'''

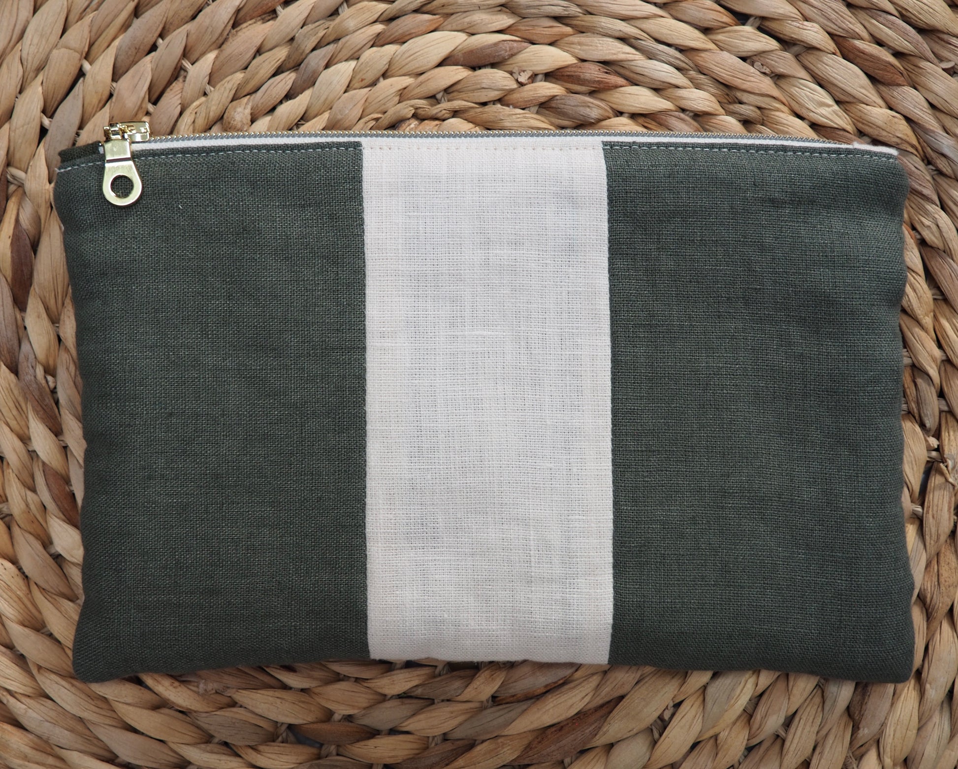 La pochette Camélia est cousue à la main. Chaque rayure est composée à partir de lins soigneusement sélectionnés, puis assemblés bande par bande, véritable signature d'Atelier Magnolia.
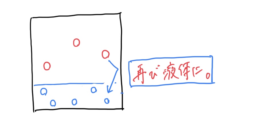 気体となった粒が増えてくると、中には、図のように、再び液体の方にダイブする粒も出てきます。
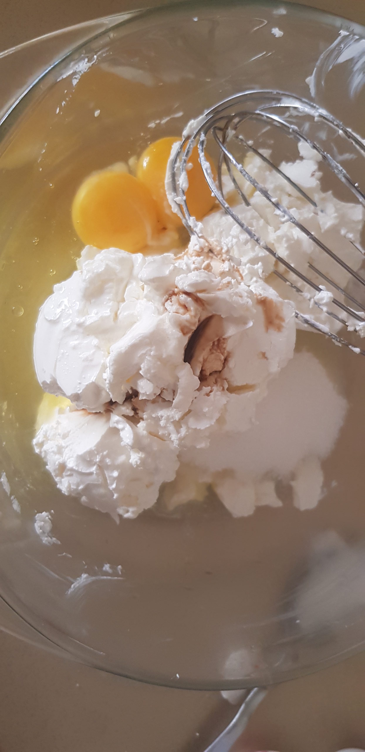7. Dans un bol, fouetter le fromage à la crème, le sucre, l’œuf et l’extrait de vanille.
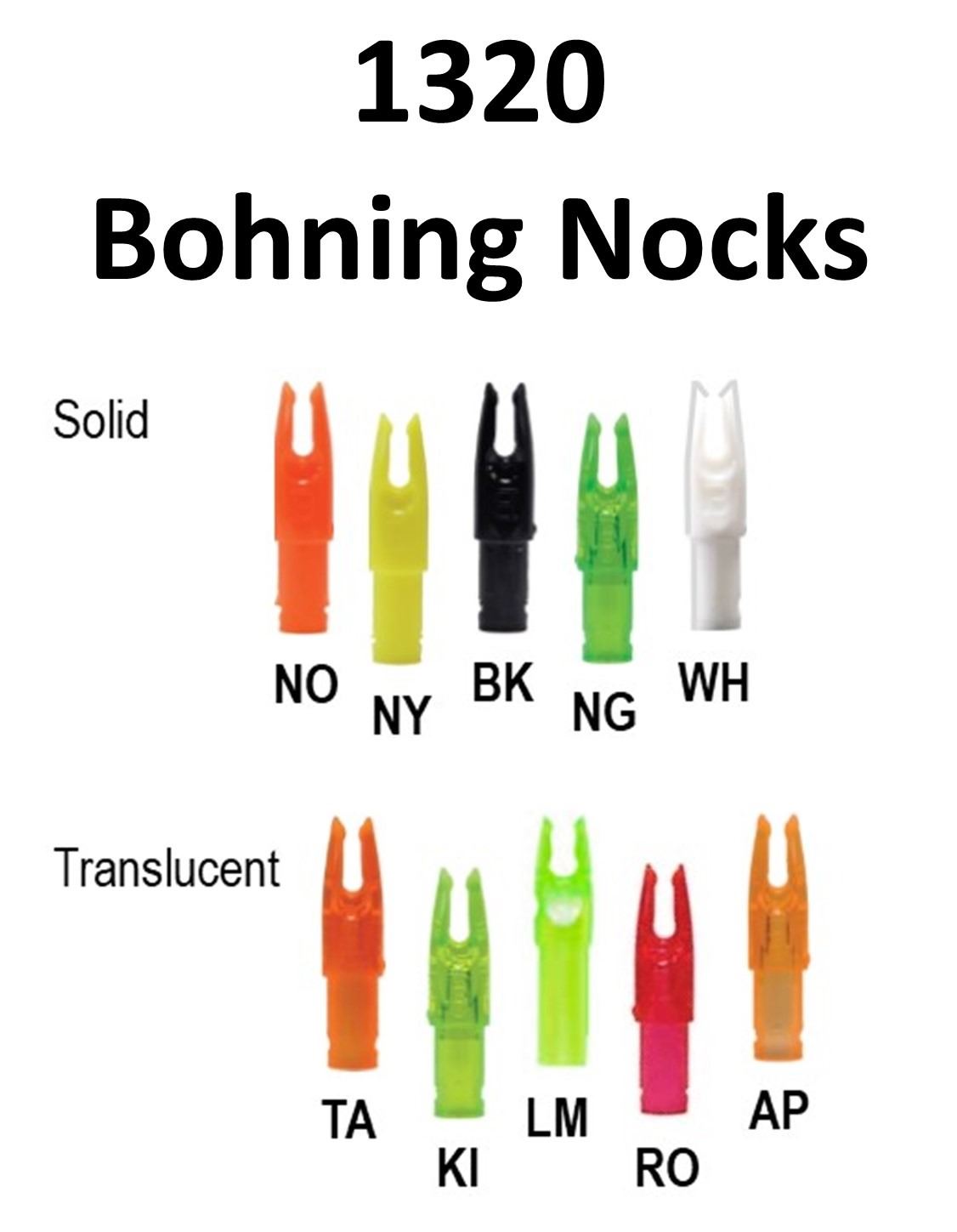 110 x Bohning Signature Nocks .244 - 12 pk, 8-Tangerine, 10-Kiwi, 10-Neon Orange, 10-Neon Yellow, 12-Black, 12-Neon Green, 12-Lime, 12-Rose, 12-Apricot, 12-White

'''

● **Problem to work on**
Write out an exact reproduction of the lines from the line that holds "7. Dans un bol, fouetter" to the bottom of the listing above, both ends included. Exclude pictures.

● **Answer space**
7. Dans un bol, fouetter le fromage à la crème, le sucre, l’œuf et l’extrait de vanille.
 110 x Bohning Signature Nocks .244 - 12 pk, 8-Tangerine, 10-Kiwi, 10-Neon Orange, 10-Neon Yellow, 12-Black, 12-Neon Green, 12-Lime, 12-Rose, 12-Apricot, 12-White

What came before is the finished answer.